#### [PROBLEM]
Starting with the line containing "316L Çelik Zincir" and going on through the line containing "B1552 閃片小馬黑瑪瑙彈性手鏈", return the lines of the data below exactly, and only those.

#### [PROVIDED DATA]
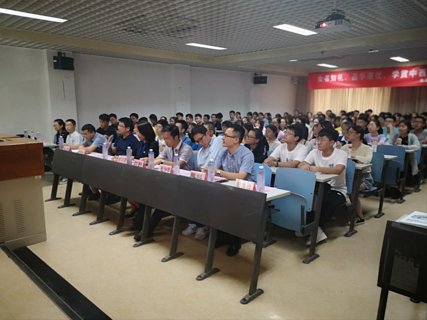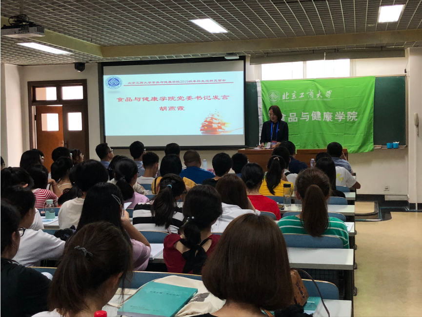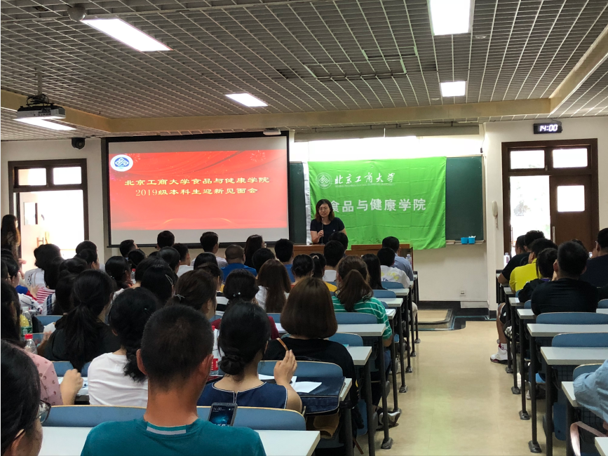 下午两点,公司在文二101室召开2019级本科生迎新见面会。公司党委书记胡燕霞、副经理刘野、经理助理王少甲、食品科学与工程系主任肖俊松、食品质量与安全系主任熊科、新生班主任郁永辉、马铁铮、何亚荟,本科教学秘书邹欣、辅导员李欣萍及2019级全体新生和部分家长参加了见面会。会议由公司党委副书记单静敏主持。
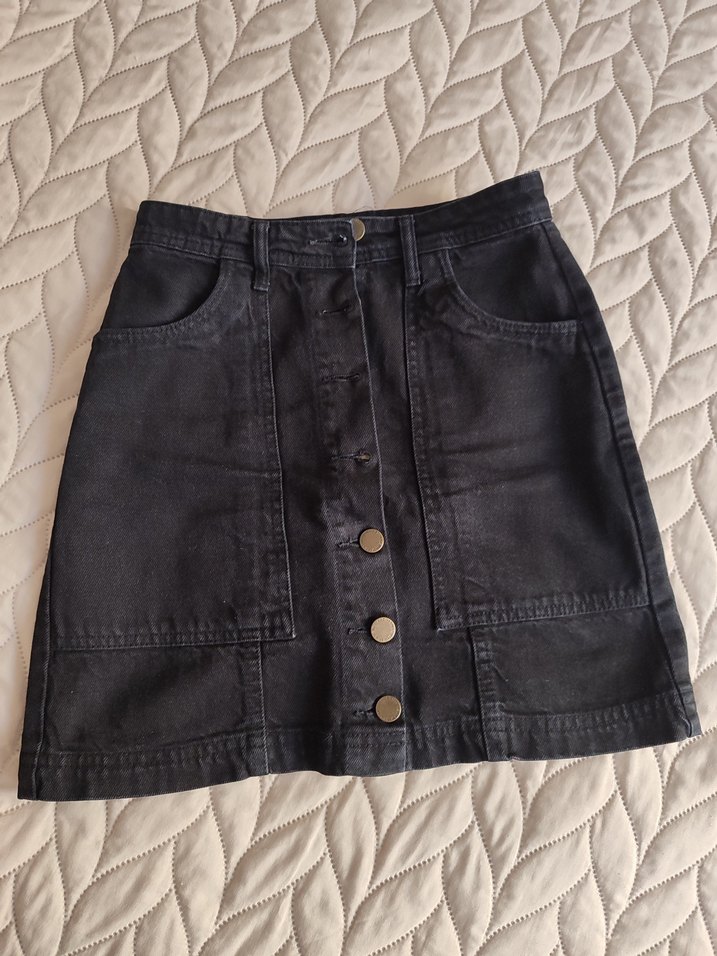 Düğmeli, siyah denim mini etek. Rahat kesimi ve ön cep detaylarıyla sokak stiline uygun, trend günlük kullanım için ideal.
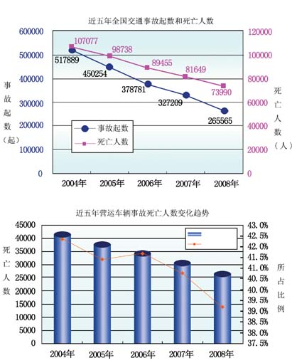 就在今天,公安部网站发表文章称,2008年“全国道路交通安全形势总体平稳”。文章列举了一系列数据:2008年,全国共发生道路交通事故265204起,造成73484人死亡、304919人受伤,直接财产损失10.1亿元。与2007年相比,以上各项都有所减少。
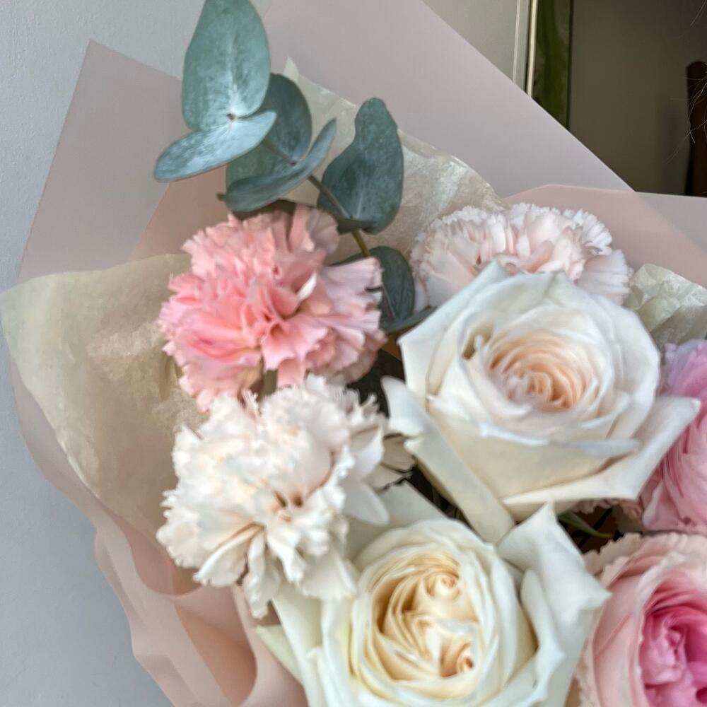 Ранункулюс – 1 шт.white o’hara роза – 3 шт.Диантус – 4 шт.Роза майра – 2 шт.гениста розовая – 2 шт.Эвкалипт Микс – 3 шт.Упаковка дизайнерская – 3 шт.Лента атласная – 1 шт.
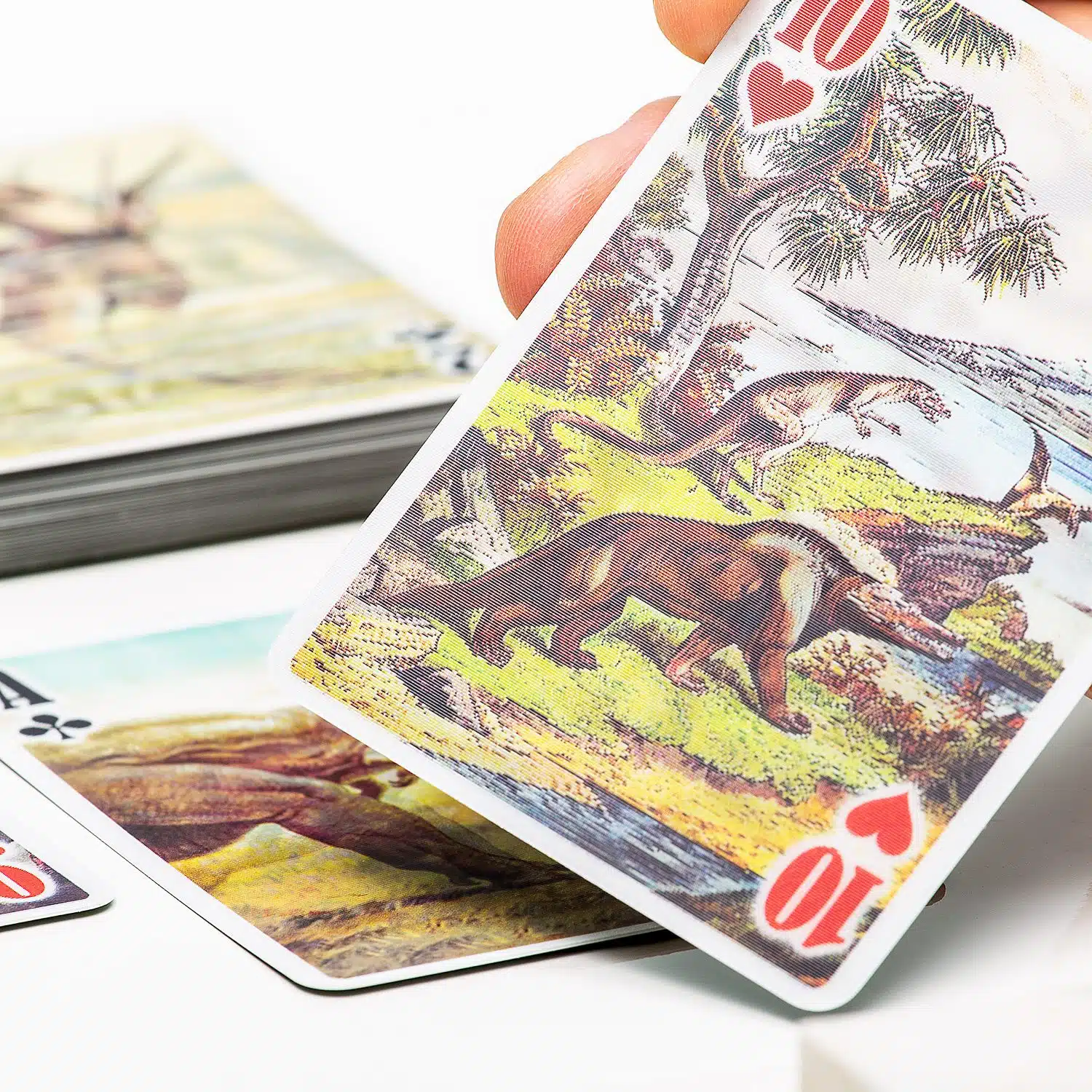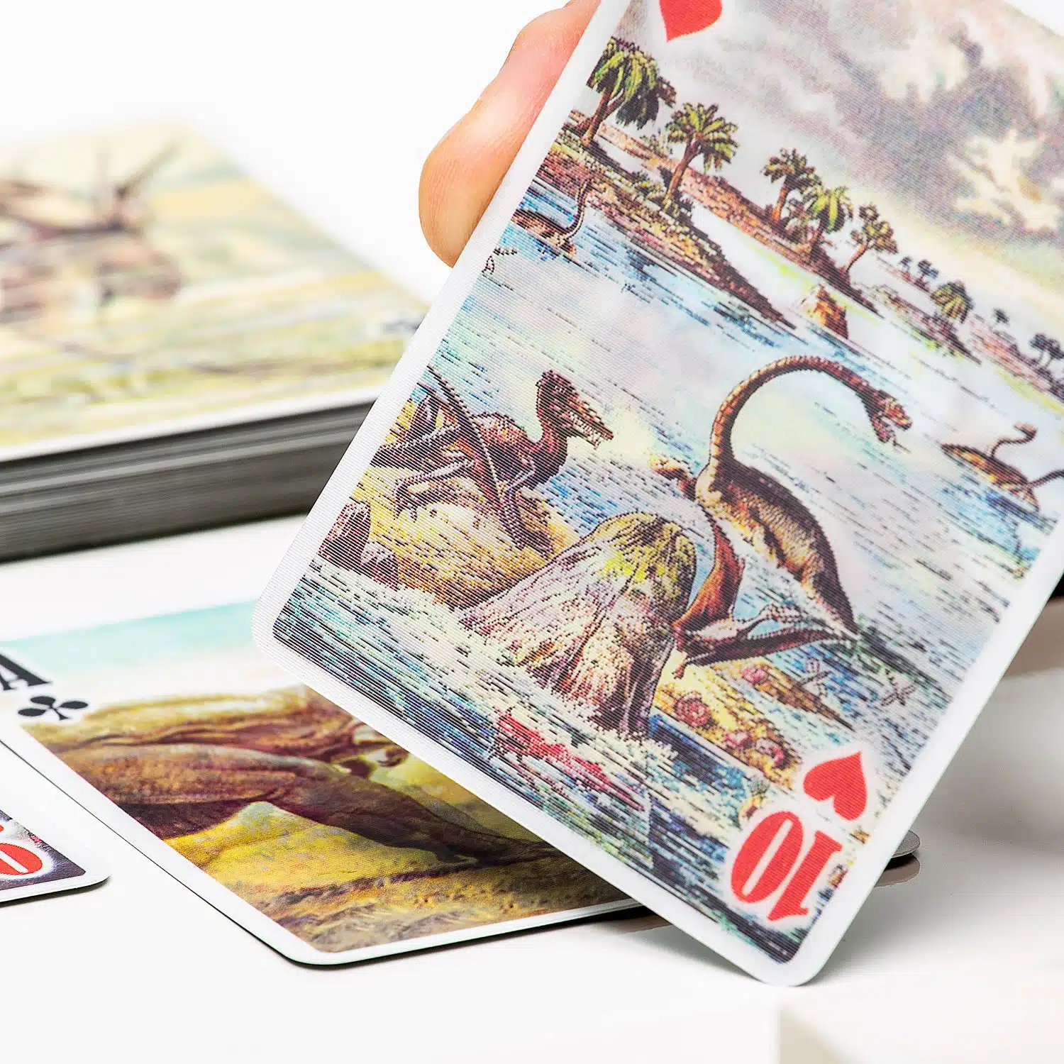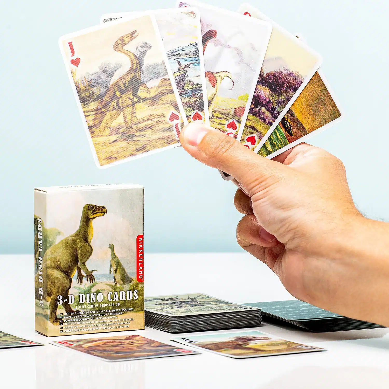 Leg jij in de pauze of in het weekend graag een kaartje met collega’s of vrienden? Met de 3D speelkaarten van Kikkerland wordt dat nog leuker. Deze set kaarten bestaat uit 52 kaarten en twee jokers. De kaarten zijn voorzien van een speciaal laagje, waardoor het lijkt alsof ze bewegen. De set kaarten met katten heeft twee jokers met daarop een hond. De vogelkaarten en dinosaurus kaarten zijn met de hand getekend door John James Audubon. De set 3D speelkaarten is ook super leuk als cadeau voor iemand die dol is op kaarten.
--
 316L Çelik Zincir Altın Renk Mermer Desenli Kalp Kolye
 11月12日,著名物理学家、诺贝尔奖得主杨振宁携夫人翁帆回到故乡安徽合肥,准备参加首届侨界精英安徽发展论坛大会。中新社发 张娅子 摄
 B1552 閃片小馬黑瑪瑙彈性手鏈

#### [EXERCISE RESULT]
 316L Çelik Zincir Altın Renk Mermer Desenli Kalp Kolye
 11月12日,著名物理学家、诺贝尔奖得主杨振宁携夫人翁帆回到故乡安徽合肥,准备参加首届侨界精英安徽发展论坛大会。中新社发 张娅子 摄
 B1552 閃片小馬黑瑪瑙彈性手鏈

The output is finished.